Текст: Борис Кутенков

Фото: pikrepo.com

 Литературный мир скорбит об уходе Владислава Петровича Крапивина. Среди многочисленных откликов отметим подборку на сайте «Культурной инициативы» (3 сентября): о любимом писателе говорят Василий Чепелев, Дана Курская, Марина Бородицкая, Алексей Сальников и др. Василий Чепелев: «Просто невероятно, если вдуматься, то, что абсолютно непримиримая повесть “Валькины друзья и паруса” написана в 1967-м, в шестидесятых же созданы первые части “Той стороны, где ветер”, в 1975-м завершён “Мальчик со шпагой”, а в 1979-м опубликованы запредельно смелые и нежные “Трое с площади Карронад”. Я, пошедший в советскую школу в 1984-м, ещё читал всё это как актуальные учебники по борьбе с ложью и лицемерием. Можно спорить, но, как мне кажется, эти тексты совершенно не устарели, это просто великие русские детские книги…» Дана Курская: «Безусловно, самой близкой повестью для нас, бесприютных и странных поэтов, нашим негласным евангелием является “Тополиная рубашка” – сказка то ли для детей, то ли для взрослых, то ли для тех, кто знает ночные тропы к городским свалкам. Для тех, кто, разучившись летать, обменяв свою тополиную летучесть на ржавые браслеты-кандалы, в последней надежде дарует крылья другому. Ткёт их при свете колдовской свечи в заброшенной бане за туманными огородами, чтобы тот, который светлей, чище и младше, смог бы воспарить над колючими лесами нашего прошлого и вязкими болотами нашей памяти, стал бы ключиком от наших цепей и освободил наши души от ржавчины. Потому что самое главное в жизни – это полёт вокруг древнего тополя, а всё остальное – свалка, свалка, свалка...» См. и мой пост на эту тему  поистине, есть что-то мистическое в том, чтобы вырасти на книгах Крапивина и непредсказуемо стать инициатором и редактором его последнего интервью.

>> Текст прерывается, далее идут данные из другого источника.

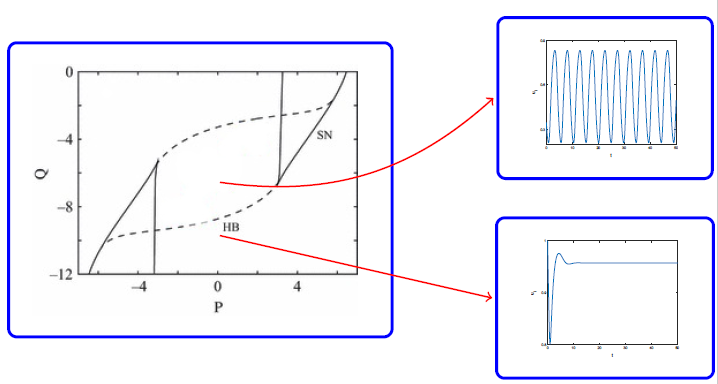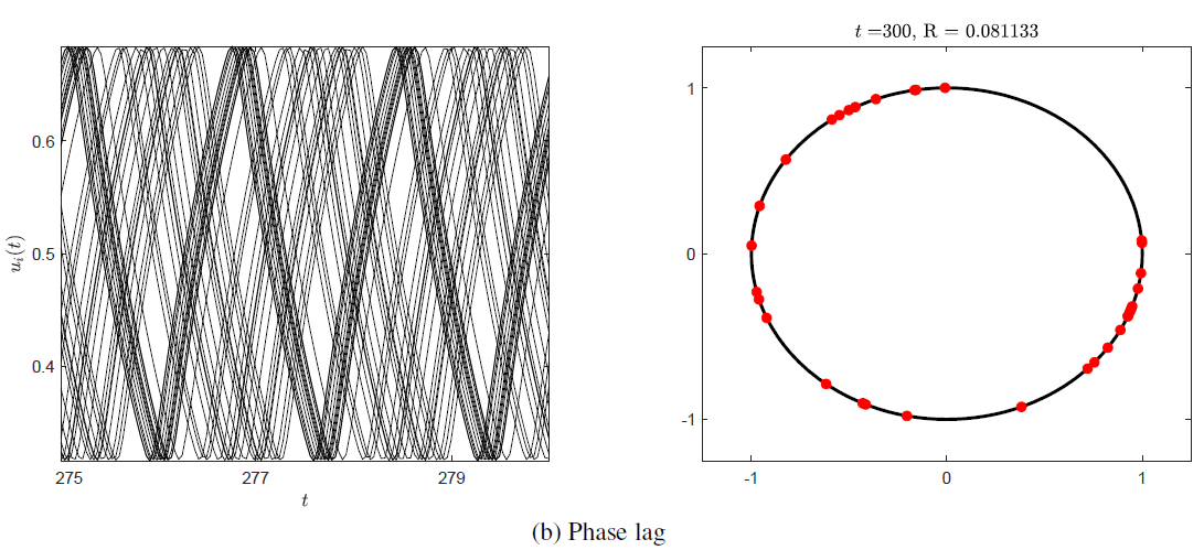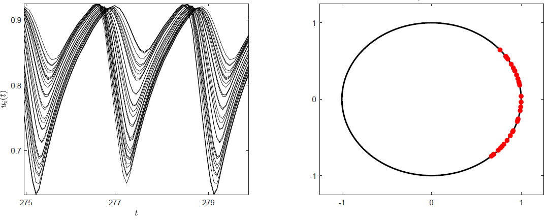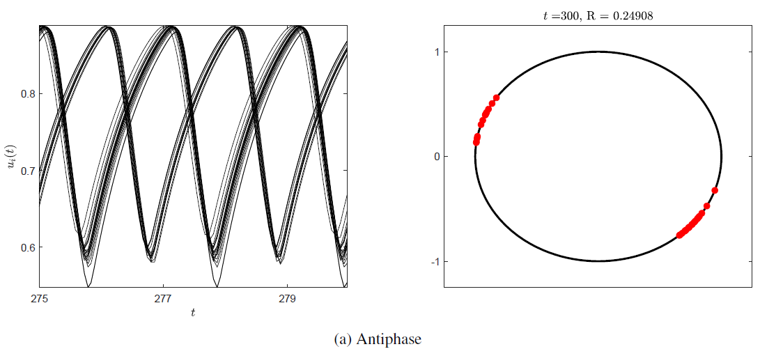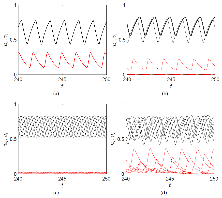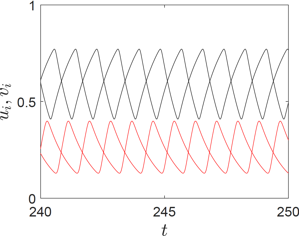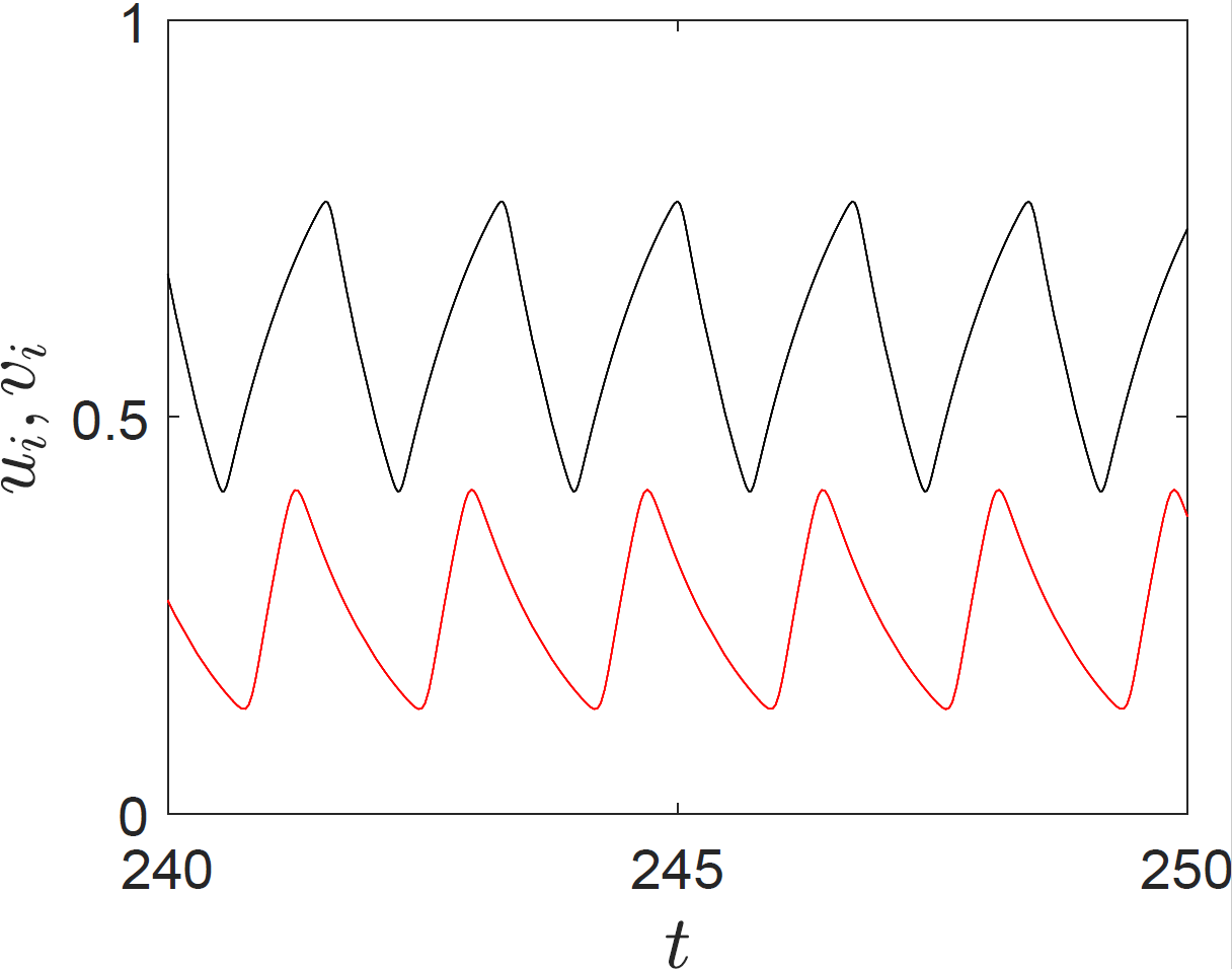 \[\begin{align*} \frac{\mathrm{d}u_i}{\mathrm{d}t} &= -u_i + \phi\left(au_i(t-\tau)+bv_i(t-\tau)+P+\epsilon\sum_{j}w_{ij}u_j(t-\rho)\right) \\ \frac{\mathrm{d}v_i}{\mathrm{d}t} &= -v_i + \phi\left(cu_i(t-\tau)+dv_i(t-\tau)+Q\right), ~i=1,\ldots,n \end{align*}\]
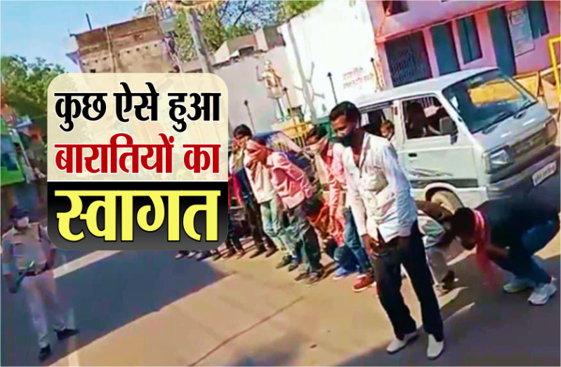 दरअसल टीमकगढ़ के जतारा कस्बे से शुक्रवार की रात बारात बल्देवगढ़ गई थी। लेकिन जब बाराती शादी में शामिल होकर जतारा पहुंचे तो पुलिस उनके स्वागत के लिए खड़ी हुई थी। पुलिस को देख बारातियों के पसीने छूट गए और पुलिस ने भी उन्हें ताउम्र याद रहने वाली सजा दी। बाराती जैसे ही घर पहुंचे तो स्वागत में खड़े पुलिसकर्मियों ने सभी को एक लाइन में खड़ाकर करीब आधे घंटे तक सभी से उठक बैठक लगवाई और ये भी बुलवाया कि अब वो कभी भी कोरोना कर्फ्यू का उल्लंघन नहीं करेंगे।

«НГ Ex Libris» (пострадавшая из-за пандемии – так как вместе с «Независимой газетой», к которой она прилагается, перестала поступать по четвергам в газетные киоски) публикует интервью с одним из лучших современных поэтовГанной Шевченко. О природе фантазии: «Да, работала на нескольких телепроектах и тоскую по тем временам. У меня подвижное воображение, мне сочинять, как рыбе плавать. И за это еще и деньги платили». О курсе поэтической критики, недавно открытом журналом Prosodia, и мотивации заниматься критикой: «Я хотела, как сейчас модно говорить, «прокачать» свое умение писать рецензии на поэтические книги, но получила обратный эффект – поняла, что это совсем не моё. Не цепляет, не заводит, неинтересно. Любой филолог сделает это лучше меня. А вот в других направлениях – “Как взять интервью?”, “Как создать мультимедийную историю?” – могу быть эффективна. Если команде “Просодии” пригодятся мои наклонности, значит, будем работать». О необходимом качестве поэта: «Инфантилизм. Качество малоприятное, но думаю, что без него поэзия невозможна, будь “поэт” диагнозом, эмоциональная незрелость была бы одним из главных симптомов. Это необходимо, чтобы смотреть на предметы незамутненным взглядом, так, словно видишь их в первый раз». Процитируем любимое вашим обозревателем стихотворение из книги «Путь из Орхидеи на работу», упоминаемой в интервью:

В одном и том же платке летом, весной, зимой.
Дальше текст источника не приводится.